(Exercise) The answer must consist only of the lines in the records below from the line with "在4月26日,中超第8轮里面" to the line with "YOSELF Generic Octagonal", both included, copied word for word with every picture left out.

(Information supplied)
┄┄┄┄┄┄┄┄┄┄┄┄┄┄┄┄┄┄┄┄
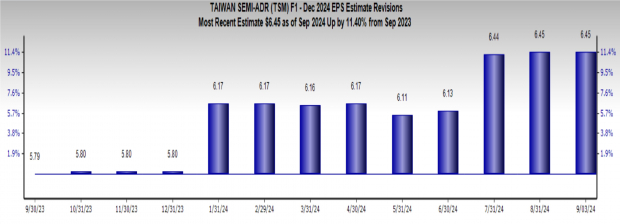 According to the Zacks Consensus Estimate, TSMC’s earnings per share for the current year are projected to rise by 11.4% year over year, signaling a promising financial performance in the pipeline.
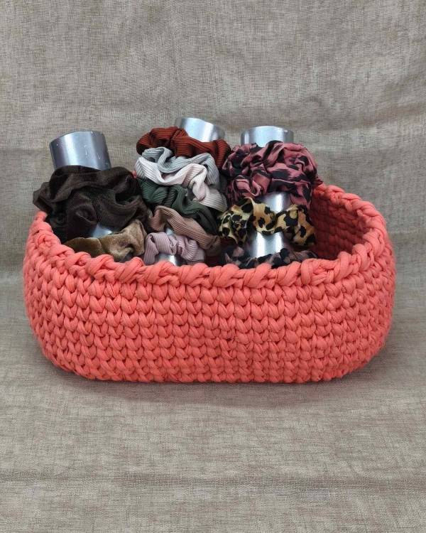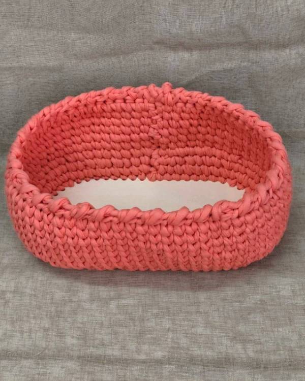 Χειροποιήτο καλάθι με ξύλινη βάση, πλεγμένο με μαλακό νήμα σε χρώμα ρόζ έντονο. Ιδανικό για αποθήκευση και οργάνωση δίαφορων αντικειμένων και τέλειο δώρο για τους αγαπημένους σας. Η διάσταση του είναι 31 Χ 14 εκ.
┄┄┄┄┄┄┄┄┄┄┄┄┄┄┄┄┄┄┄┄
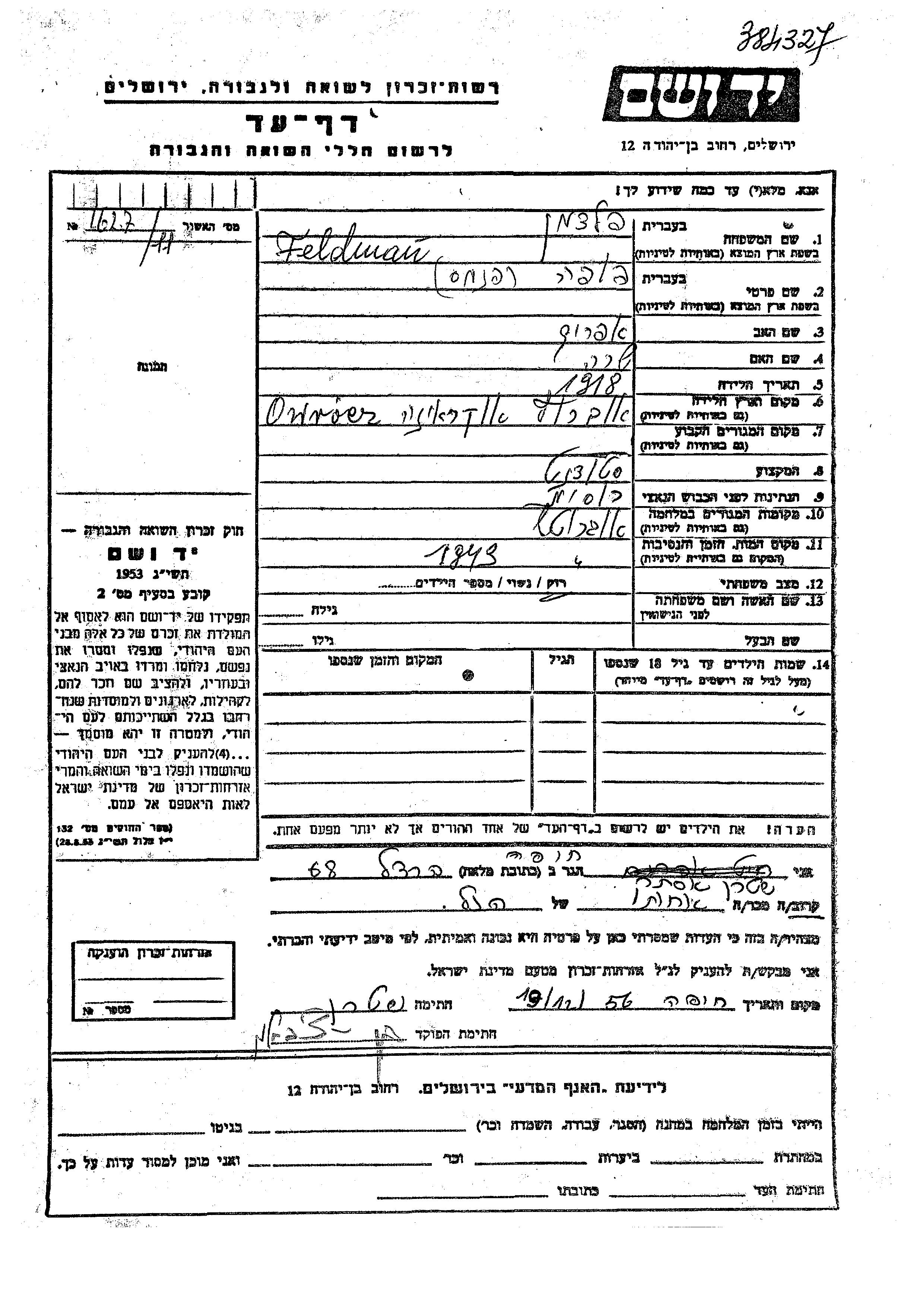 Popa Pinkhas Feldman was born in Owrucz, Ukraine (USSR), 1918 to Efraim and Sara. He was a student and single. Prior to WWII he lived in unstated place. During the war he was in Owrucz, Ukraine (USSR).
┄┄┄┄┄┄┄┄┄┄┄┄┄┄┄┄┄┄┄┄
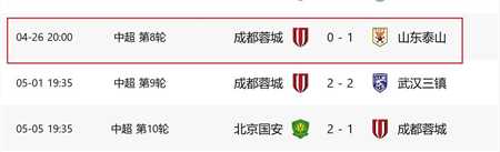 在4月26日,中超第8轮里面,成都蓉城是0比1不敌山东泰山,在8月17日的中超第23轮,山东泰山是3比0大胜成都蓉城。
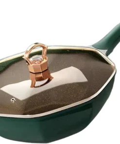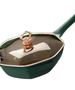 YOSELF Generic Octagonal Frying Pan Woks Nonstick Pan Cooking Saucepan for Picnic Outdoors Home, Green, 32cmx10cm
┄┄┄┄┄┄┄┄┄┄┄┄┄┄┄┄┄┄┄┄
(Finished task)
 在4月26日,中超第8轮里面,成都蓉城是0比1不敌山东泰山,在8月17日的中超第23轮,山东泰山是3比0大胜成都蓉城。
 YOSELF Generic Octagonal Frying Pan Woks Nonstick Pan Cooking Saucepan for Picnic Outdoors Home, Green, 32cmx10cm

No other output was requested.